## Prompt
Go to the line holding "Чай Улун — это" in the data below. Return it and each line after it through the last, exactly, and skip the pictures.

——

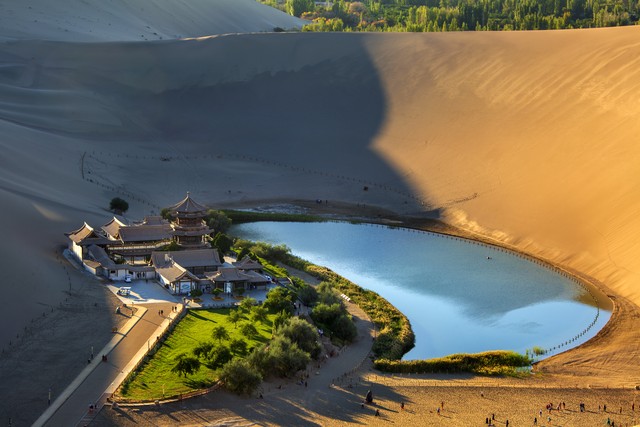 甘肃敦煌鸣沙山环抱的一弯清泉,形如新月,千年不涸。沙水共生奇观被誉为“沙漠之眼”,黄昏时驼队剪影掠过沙脊,泉边古亭飞檐与芦苇摇曳相映。尽管地下水位下降曾令其萎缩,但人工回灌工程让这丝路明珠得以延续传奇。
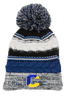 With three team colors and a large pom pom, this chunky-knit beanie will help keep you warm in the stands.
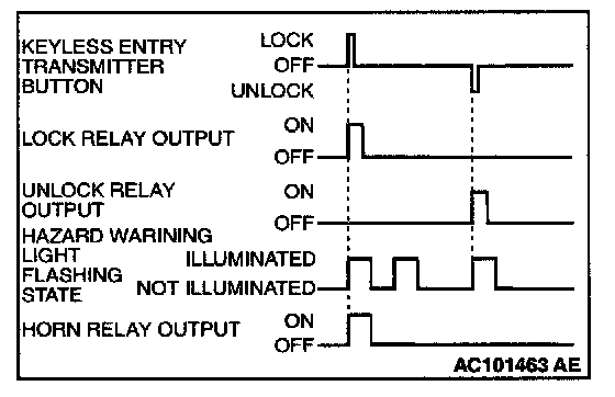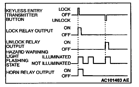 The hazard answerback and horn answerback function which facilities checking of lock or unlock operations even during day-time is provided. When the lock signal is input from the keyless entry transmitter to the ETACS-ECU, the hazard warning light flashes twice and horn sounds once. When the unlock signal is input, hazard warning light flashes once.
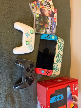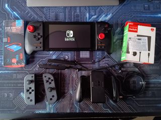 Consola Nintendo Switch OLED con sus accesorios. - Incluye funda protectora. - Grip para mandos. - Base de carga. - Cargador de corriente. - Protector de pantalla Ivoler. Con todos los complementos en perfecto estado! usada escasas veces.. se vende por no usarse.
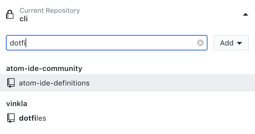 dotfibut theatom-ide-definitionsrepository is still listed before thedotfilesrepository.Maybe? I think we’d need a spike branch with some dummy repository/account data to experiment with from a UX perspective, to figure out what makes sense.
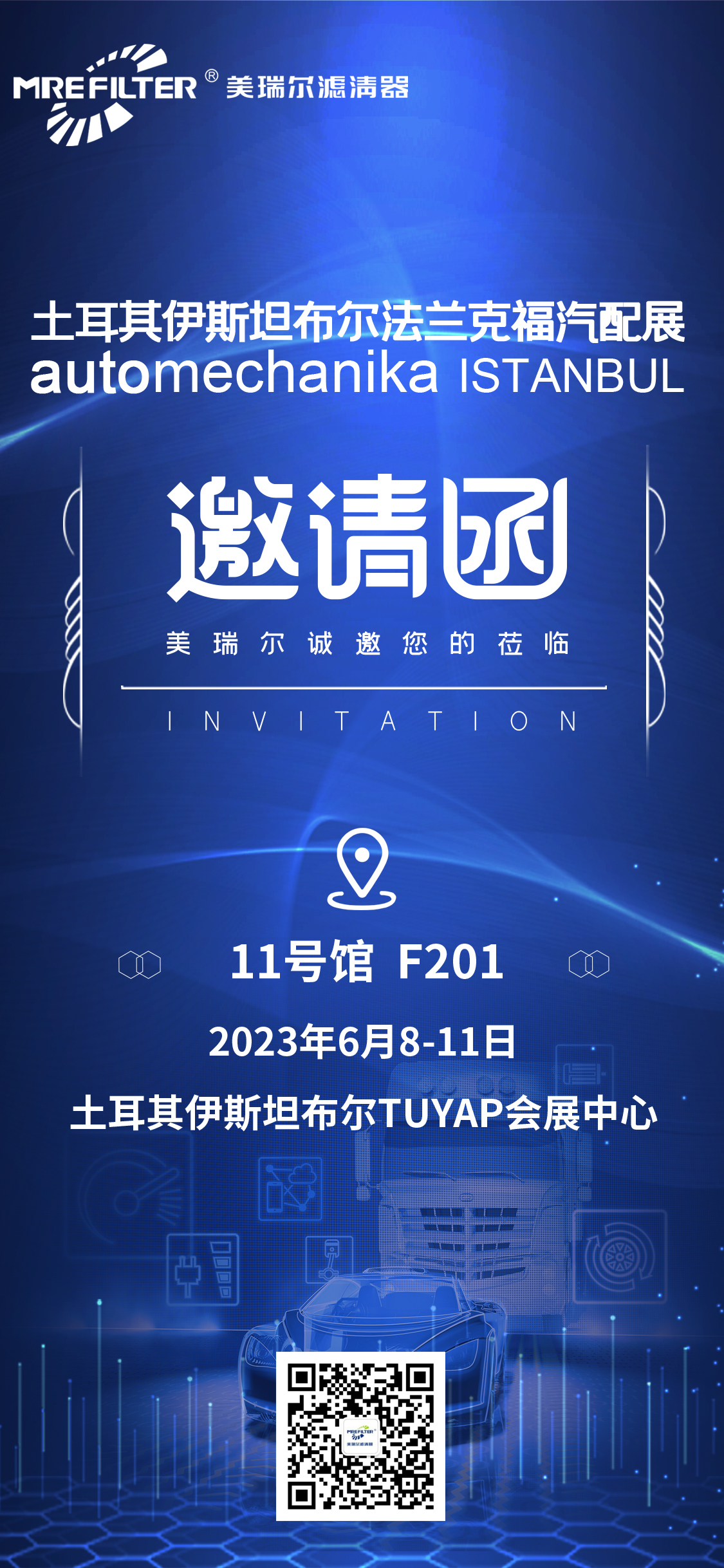 2023 年土耳其(伊斯坦布爾)國際汽車零配件及售后服務展覽會將于2023年6月8-11日在伊斯坦布爾 TUYAP 展覽會議中心舉行,安徽美瑞爾濾清器有限公司在11號館F201展位與您相會!
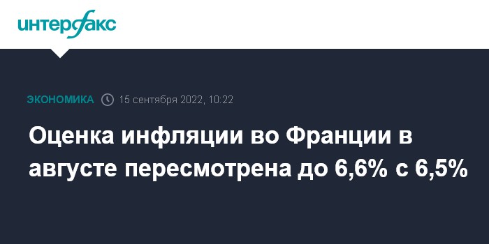 Оценка инфляции во Франции в августе пересмотрена до 6,6% с 6,5%
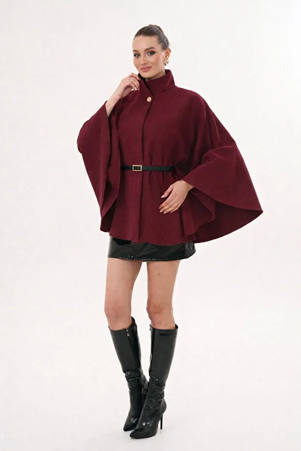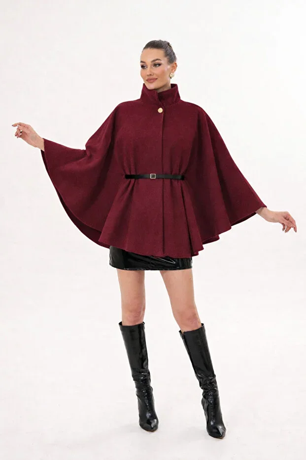 Bu kış gardırobunuzun vazgeçilmez parçası olmaya aday Bordo Kemer Detaylı Kadın Kaşe Kışlık Panço Modeli ile tanışın. Derin bordo rengi, sade ve şık bir görüntü sunarken kaşe kumaşın yoğun dokusu size sıcaklık ve dayanıklılık vaat eder. Uzun, akıcı kesimli panço tasarımı hareket özgürlüğünüzü kısıtlamadan zarif bir siluet yaratır; beldeki şık kemer detayı ise anında ince bir bel hatı verir.
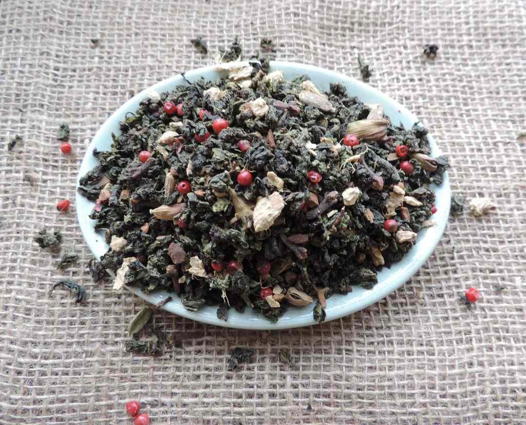 Чай Улун — это вкусная смесь высококачественного чая улун с группой специй, таких как имбирь, корица, гвоздика, кардамон, красный перец. Этот чай обладает явным согревающим эффектом.
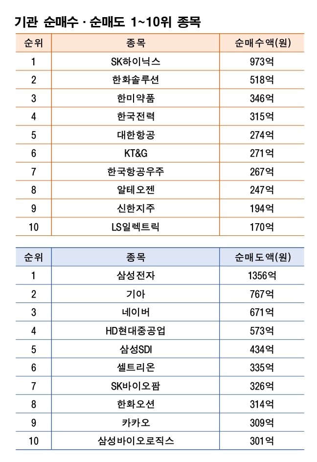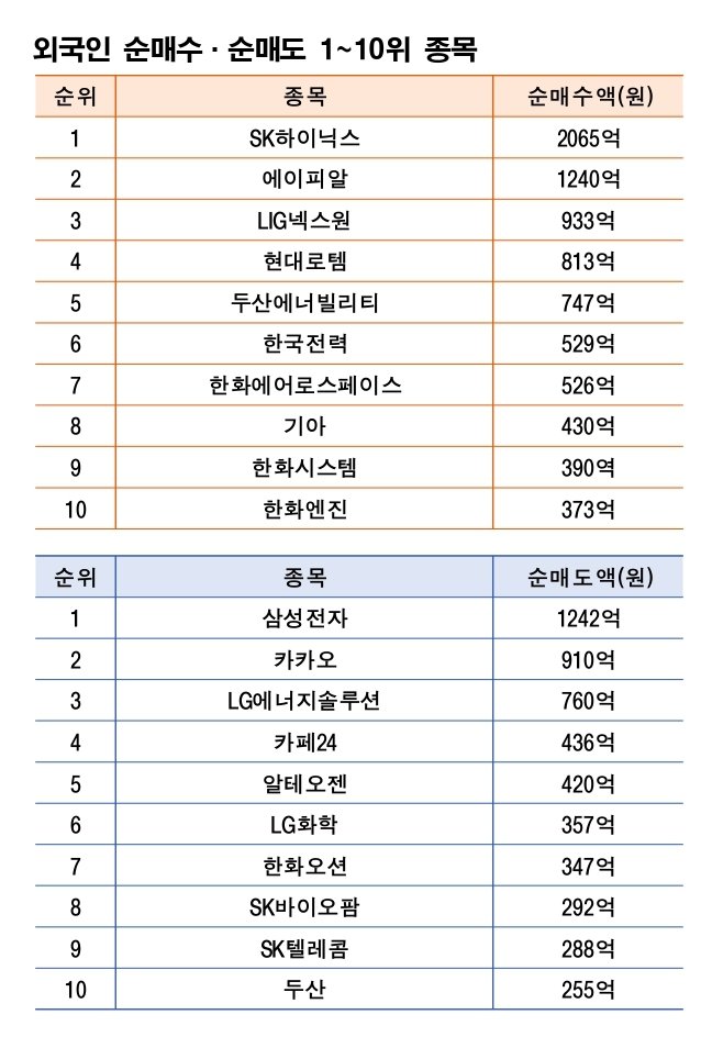 5월 9일 한국거래소에 따르면 5월 7~9일 외국인이 가장 많이 매수한 종목은 SK하이닉스로 집계됐다(오후 3시 45분 기준). 2~10위는 에이피알, LIG넥스원, 현대로템, 두산에너빌리티, 한국전력, 한화에어로스페이스, 기아, 한화시스템, 한화엔진이었다. 외국인의 순매도 상위 10개 종목은 삼성전자, 카카오, LG에너지솔루션, 카페24, 알테오젠, LG화학, 한화오션, SK바이오팜, SK텔레콤, 두산 순이었다.
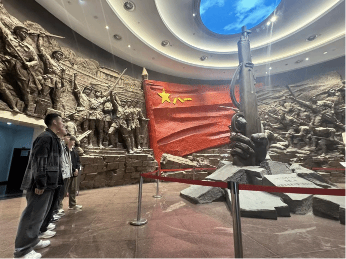 当同学们站立在八一馆的前厅仰望着八一军旗,心中充满对先辈们的敬意。沿着长廊走进陈列革命烈士图像的展馆,同学们阅读着英雄们的壮烈事迹,仿佛回到了那个战火纷飞的时代,深深感悟那段峥嵘岁月里的热血与信仰。

——

## Output of the task
 Чай Улун — это вкусная смесь высококачественного чая улун с группой специй, таких как имбирь, корица, гвоздика, кардамон, красный перец. Этот чай обладает явным согревающим эффектом.
 5월 9일 한국거래소에 따르면 5월 7~9일 외국인이 가장 많이 매수한 종목은 SK하이닉스로 집계됐다(오후 3시 45분 기준). 2~10위는 에이피알, LIG넥스원, 현대로템, 두산에너빌리티, 한국전력, 한화에어로스페이스, 기아, 한화시스템, 한화엔진이었다. 외국인의 순매도 상위 10개 종목은 삼성전자, 카카오, LG에너지솔루션, 카페24, 알테오젠, LG화학, 한화오션, SK바이오팜, SK텔레콤, 두산 순이었다.
 当同学们站立在八一馆的前厅仰望着八一军旗,心中充满对先辈们的敬意。沿着长廊走进陈列革命烈士图像的展馆,同学们阅读着英雄们的壮烈事迹,仿佛回到了那个战火纷飞的时代,深深感悟那段峥嵘岁月里的热血与信仰。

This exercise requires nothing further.